Track which collections get cited, for which prompts, and what AI referral traffic they receive, with the geo-tracking skill.

Output format

Deliver every collection page optimization in exactly this structure:

# Collection Page Optimization Brief: {collection name}

URL: {url}
Target query: {category keyword} (intent: commercial)
Date: {date}

## 1. Scorecard

| Check | Status | Priority |
|---|---|---|
| Top intro limited to 1-2 sentences | pass / fail | P1 |
| Bottom block 400-800 words below the grid | pass / fail | P1 |
| H1 / title / slug / meta | pass / fail | P1 |
| Filtered URLs canonicalized or controlled | pass / fail | P1 |
| Pagination self-canonical, crawlable links | pass / fail | P1 |
| No indexable empty or thin collections | pass / fail | P2 |
| Internal links (menu, sisters, breadcrumbs) | pass / fail | P2 |
| CollectionPage + ItemList + BreadcrumbList | pass / fail | P2 |
| Grid and text present in raw HTML | pass / fail | P1 |

## 2. Metadata

- Title ({n} chars): {title}
- Meta description ({n} chars): {meta}
- Slug: {slug}
- H1: {h1}

## 3. Top intro (1-2 sentences)

{intro}

## 4. Bottom SEO block ({n} words, placed below the product grid)

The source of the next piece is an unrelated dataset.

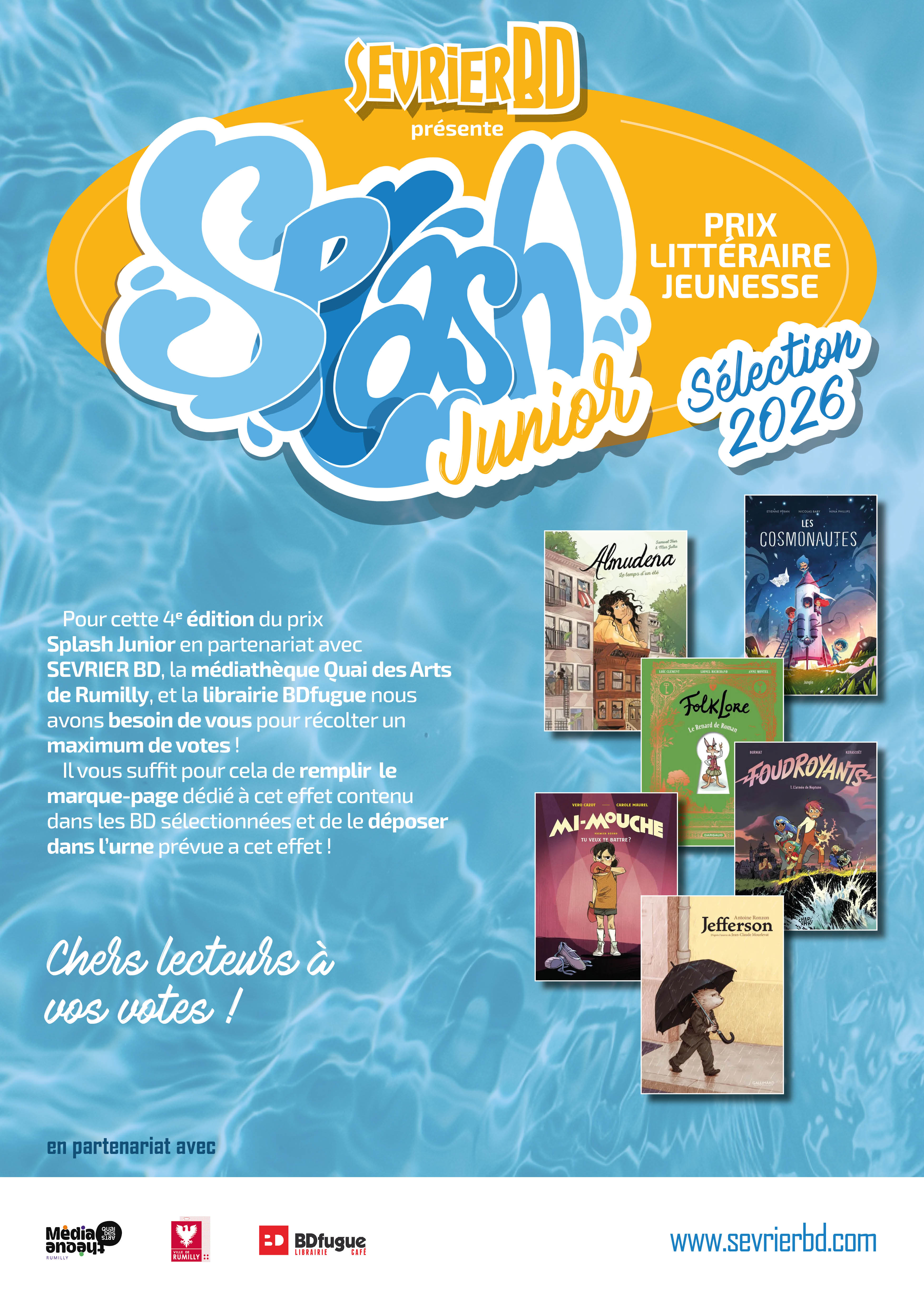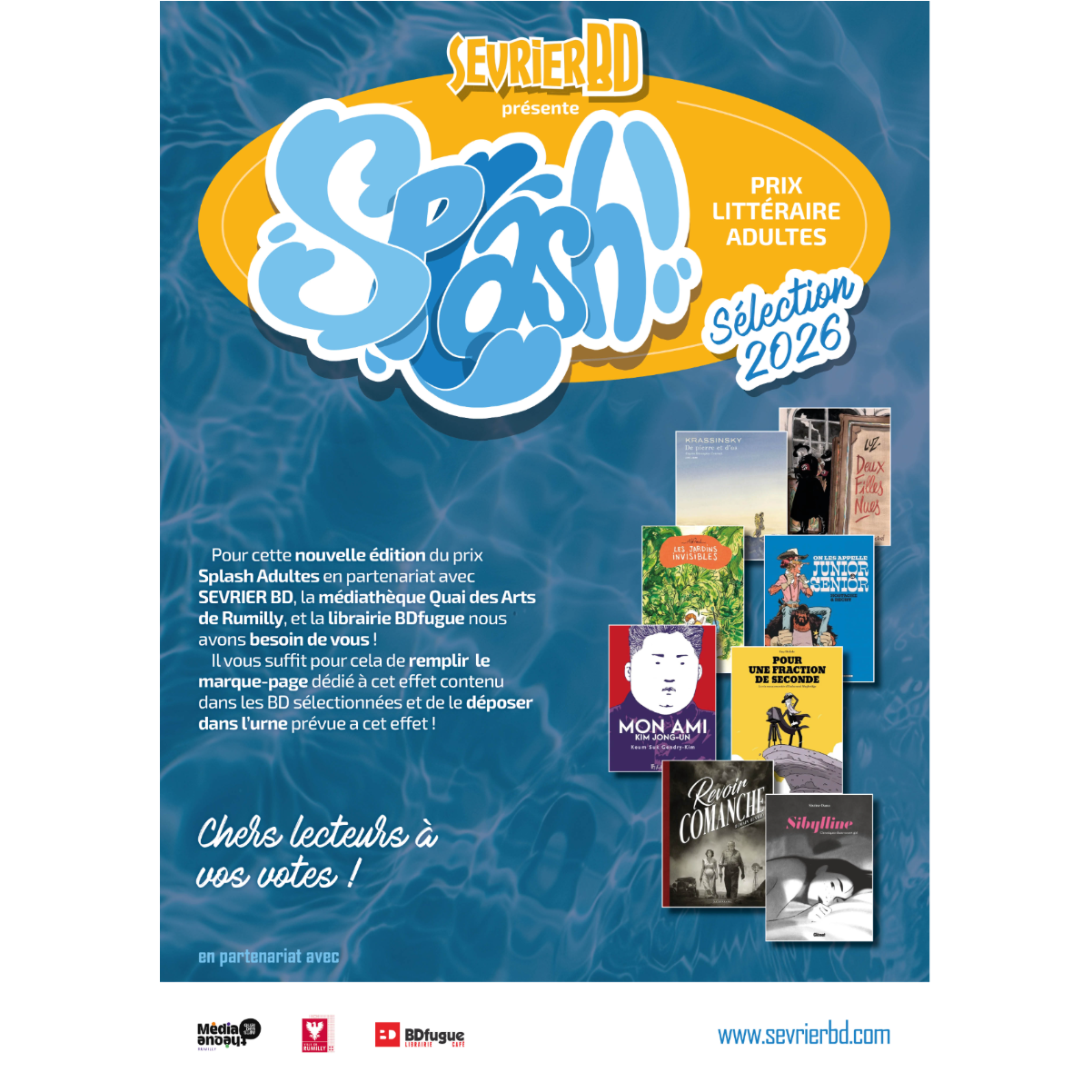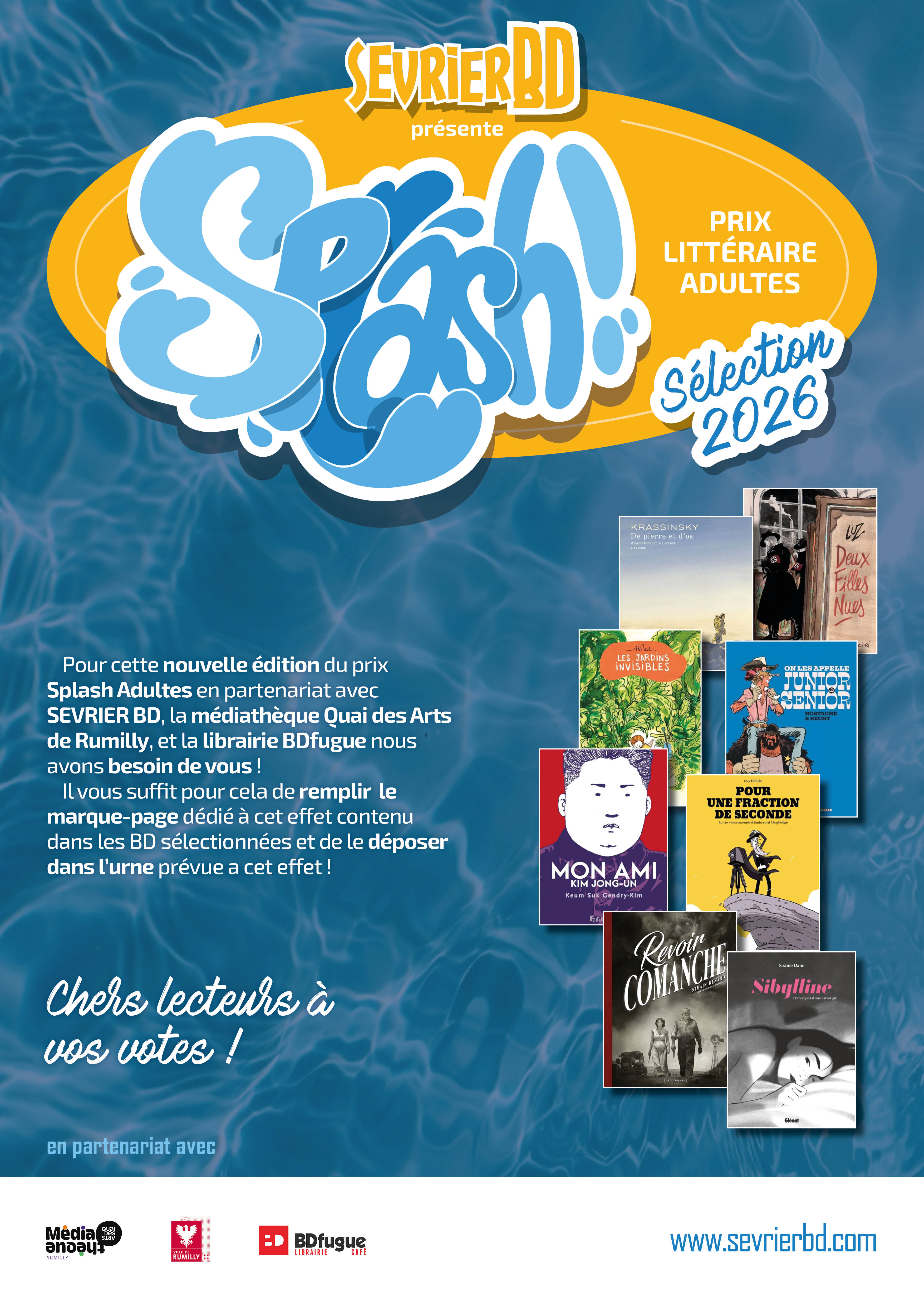 Dans le cadre du Festival de bande dessinée Sevrier BD, la Bibliothèque municipale de Saint-Jorioz participe au prix littéraire «Splash!» : un concours pour élire votre BD préférée parmi une sélection récente réalisée par un jury de libraires et bibliothécaires passionnés.

{H2/H3 buying-guide sections, comparison table of sub-types, 3-5 definitions, 3-question FAQ, internal links}

## 5. Facet and pagination directives

| URL pattern | Directive | Why |
|---|---|---|

## 6. Thin collection decisions

| Collection | Products | Action |
|---|---|---|

## 7. Internal links to add

| From | To | Anchor |
|---|---|---|

## 8. Schema checklist

{gaps; hand implementation to seo-schema-markup}

## 9. GEO checklist

{raw HTML test result, citable passages present, slug quality}

## 10. Next actions by priority

| # | Action | Why |
|---|---|---|

Common mistakes

Mistake	Why it hurts	Fix
600 words of text at the top of the page	Pushes products below the fold, kills conversion	1-2 sentences top, full block at the bottom
Canonical from page 2+ to page 1	Deep products lose their crawl path and deindex	Self-referencing canonicals, Page N titles
robots.txt block and noindex on the same URLs	Blocked pages are never fetched, the noindex is never seen	Sequence: noindex first, block later if needed
Indexing every color and size facet	Near-duplicate explosion, crawl waste, doorway page risk	The 3-test exception: demand, inventory, unique content
One boilerplate paragraph on 50 collections	Templated filler, nothing unique to rank or quote	Per-collection block or nothing
Keyword-stuffed block written for bots	Helpful content demotion risk, zero buyer value	Answer real buying questions
Deleting seasonal collections every year	Discards the URL's accumulated equity	Stable URL, reused every season
Text served to bots but hidden from users	Cloaking exposure	Accordion is fine; fully hidden is not
JS-only grid and filters	Invisible to AI assistants, fragile for Google	Server-render the grid and the block
Money collections absent from the menu	Weak internal authority on the pages that earn	Menu, sister links, breadcrumbs

Sources

https://developers.google.com/search/docs/crawling-indexing/crawling-managing-faceted-navigation (faceted navigation crawl management)
https://developers.google.com/search/docs/specialty/ecommerce/pagination-and-incremental-page-loading (self-canonical pagination, rel=prev/next status, infinite scroll)
https://developers.google.com/search/docs/crawling-indexing/robots/intro (robots.txt does not deindex)
https://developers.google.com/search/blog/2022/03/url-parameters-tool-deprecated (URL Parameters tool retirement)
https://developers.google.com/search/docs/essentials/spam-policies (doorway pages, cloaking)
https://developers.google.com/search/docs/appearance/structured-data/product (Product markup is for single-product pages)
https://developers.google.com/search/docs/appearance/title-link (title rewriting behavior)
https://ahrefs.com/blog/why-chatgpt-cites-pages/ (descriptive slugs, 89.78 vs 81.11 percent citation correlation)
https://almcorp.com/blog/ai-citations-listicles-articles-product-pages/ (listicle and product page shares of AI citations)
https://vercel.com/blog/the-rise-of-the-ai-crawler (AI crawlers do not execute JavaScript, measured)

All thresholds labeled "field heuristic from 115+ agency audits" come from recurring patterns in real audit work, not from controlled studies. Treat them as strong defaults to adapt, not as guarantees.